Before I review our 2022 accomplishments, I want to acknowledge that this has been a turbulent time for our industry and our economy. Bank stocks, including Key, reflect the uncertainty and market disruption. Despite the elevated inflation, rising interest rates, and the disruption in the banking sector, our business model remains positioned to deliver sound, profitable growth. Importantly, our durable relationship-based business model provides us with a strong foundation to serve and support our clients through all market conditions. We are operating from a position of strength with a granular, diverse deposit base and a high-quality relationship-based lending portfolio. We have a long-standing commitment to primacy, which continues to position us well through the cycle. Over 60% of our deposit balances are from consumers, wealth clients, small businesses, and escrow accounts. Additionally, over 80% of our commercial balances are core operating accounts.
Given the market dynamics, we understand there is a serious focus on deposit levels.

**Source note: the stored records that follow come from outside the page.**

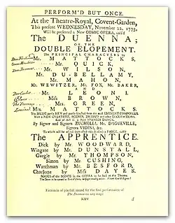 1. ^ Fiske, Roger. English Theatre Music of the Eighteenth Century (London, 1973) p.414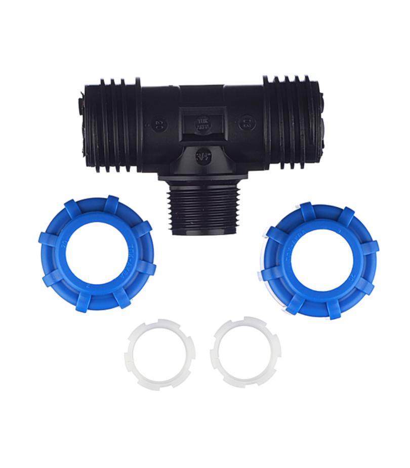 Предназначен для разветвления потока воды на два направления. Имеет два выхода для соединения труб ПНД диаметром 20 мм и один выход с наружной резьбой 3/4″ (20 мм).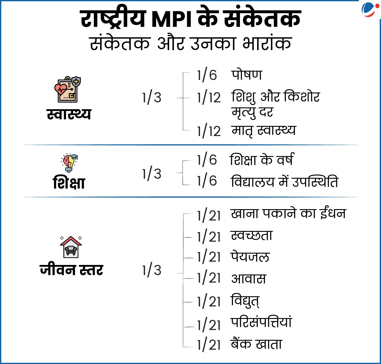 - पद्धति: इस सूचकांक में अंतरराष्ट्रीय स्तर पर मान्यता प्राप्त अल्कायर-फॉस्टर (Alkire-Foster) पद्धति का प्रयोग किया गया है, जो वैश्विक बहुआयामी निर्धनता सूचकांक (वैश्विक MPI) में भी प्रयुक्त होती है। इसमें वैश्विक MPI के सभी 10 संकेतकों यथावत रखा गया है और दो अतिरिक्त संकेतक- मातृ स्वास्थ्य और बैंक खाते को शामिल किया गया है।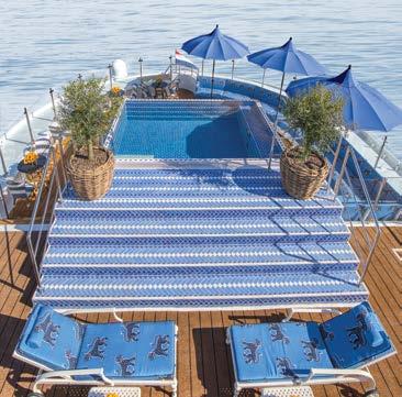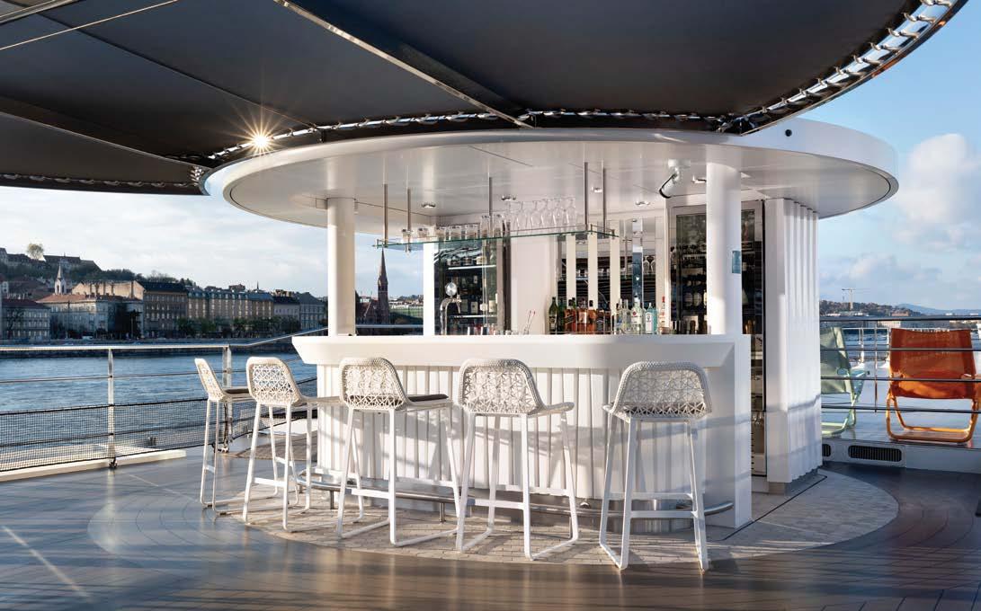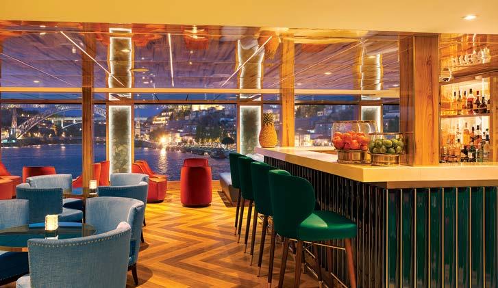 The S.S. Bon Voyage is designed to seamlessly immerse guests in the culture, art, and wine of France. A stunning lobby clad in polished wood, subtle brass details, and a hand-crafted balustrade lend uncommon elegance, while the stylish sun deck boasts the river cruise industry’s first and only infinity pool. An onboard bar lounge, Le Salon Champagne, is resplendent in chic emerald tones with a design inspired by Yves Saint Laurent’s personal abode, Villa Majorelle. In addition to the public spaces, the S.S. Bon Voyage features four spacious suites, and every stateroom features an exquisite marble bathroom. TRANSFORMATION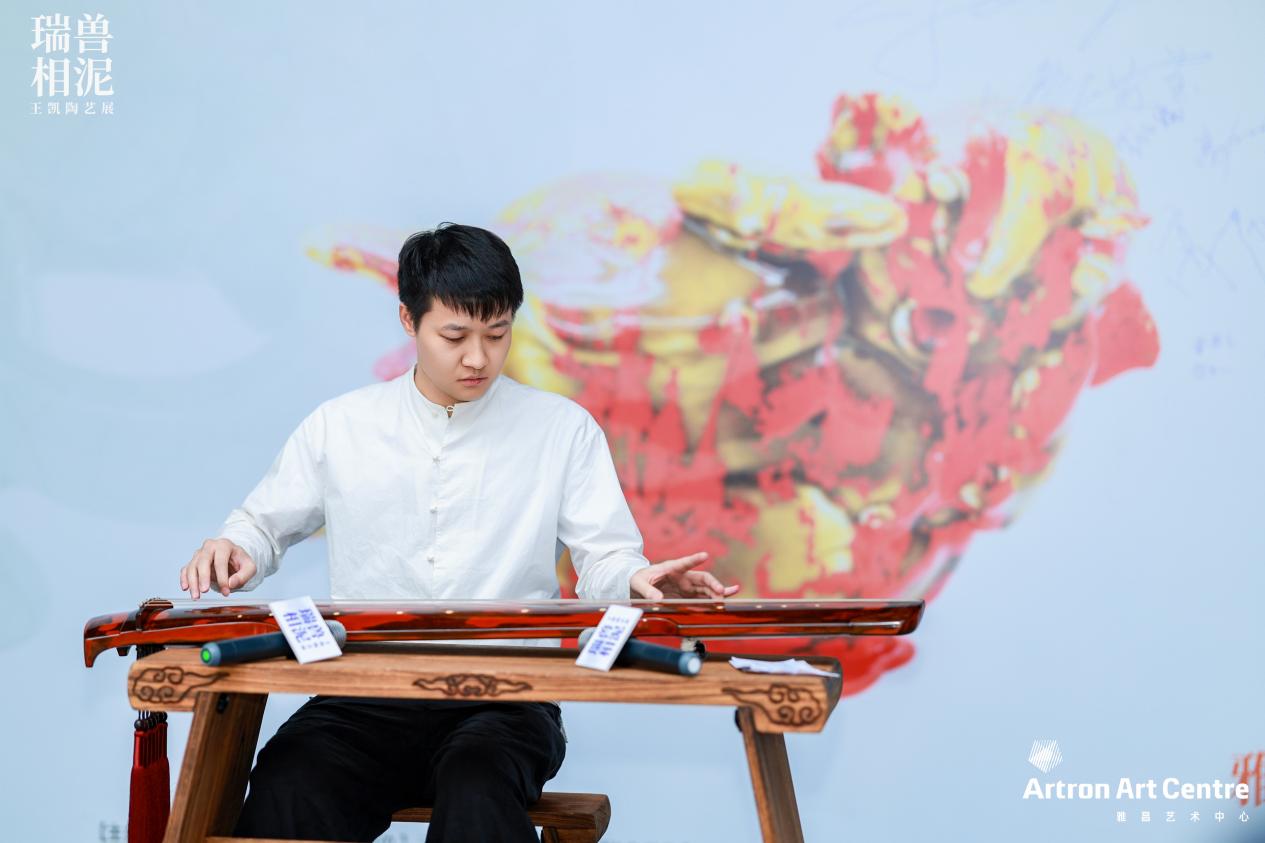 开幕式还特别设置了古琴演奏环节。留白书社创始人、古琴艺术浙派姚门第三代传承人郭伟程先生现场献奏,悠扬琴音将陶塑的凝固之美与音律的流动之韵相融合,为现场嘉宾营造出沉浸式的东方艺术氛围。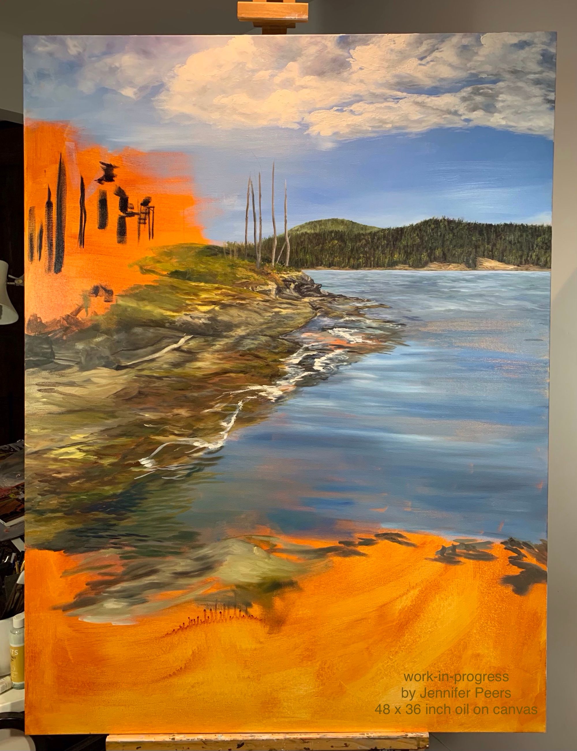 The third and final work in progress is by Jennifer Peers on another large 48 x 36 inch canvas and features one of her favourite subjects - Active Pass.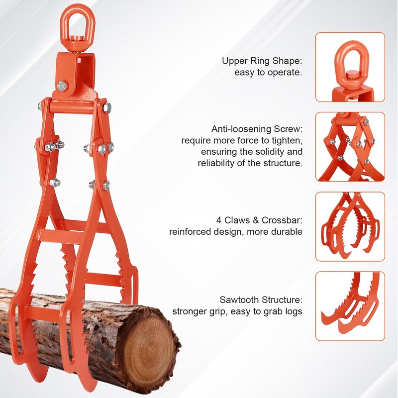 - 【Powerful Grip】Our wood grab hooks are designed with strong eagle claws, with sturdy steel jaws and unique serrations, when lifting heavy logs in the closed state, the heavier the weight, the tighter the pliers pull, which can firmly grasp the logs without slipping, ensuring your log handling tasks are perfectly executed.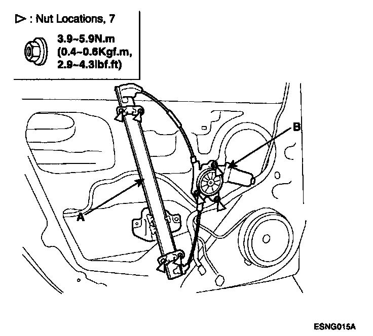 4. After disconnecting window motor connector (B), loosen the door regulator mounting nuts and window motor mounting nuts, remove the door regulator (A).

I am pleased to report that in the first quarter, our period-end deposits increased compared to the prior quarter, and from March 31 to present, we have experienced normal business flows consistent with prior periods, a testament to our focus on primacy and our relationship-based business model. Credit is paramount and continues to be strong, with net charge-offs to average loans of 15 basis points in the first quarter, well below our targeted range, reflecting our relationship-based business model and the significant de-risking we have executed over the last decade. Key's capital position also remains strong, with Common Equity Tier 1 ratio of 9.1% and within our targeted range. We remain focused on executing against our capital priorities, supporting organic growth and dividends.
In the fourth quarter, we increased our per-share common dividend 5%. We have increased our dividend for 12 consecutive years. I'm now turning to slide three. 2022 marked another year of positive operating leverage for Key, which is one of our long-term targets. Last year, we continued to grow relationships with new clients and deepened existing relationships across our franchise. The relationships we built with our clients contributed to the strength and quality of our balance sheet. In our commercial business, loan growth benefited from strength in targeted industry verticals. We supported our commercial clients with on-and-off-balance-sheet financings. We raised a record level of capital for our clients, a total of $136 billion. In our consumer business, we added new households, with younger clients being our fastest-growing segment.
Despite the strong growth we've seen across our franchise, we have not strayed from our moderate risk profile and strong underwriting standards. Net charge-offs to average loans were 14 basis points, well below our through-the-cycle targeted range, which speaks to the successful de-risking we have executed across our business. We also made targeted investments in our teammates in digital and in analytics. These targeted investments will continue to improve the experience for our clients and our teammates. We believe the best way to drive long-term value is by delivering on our commitments to help our stakeholders thrive, our clients, our colleagues, our communities, and you, our shareholders. Our client base is comprised of 3.5 million retail, small business, private banking, and commercial clients. We take great pride in providing value to every client we serve.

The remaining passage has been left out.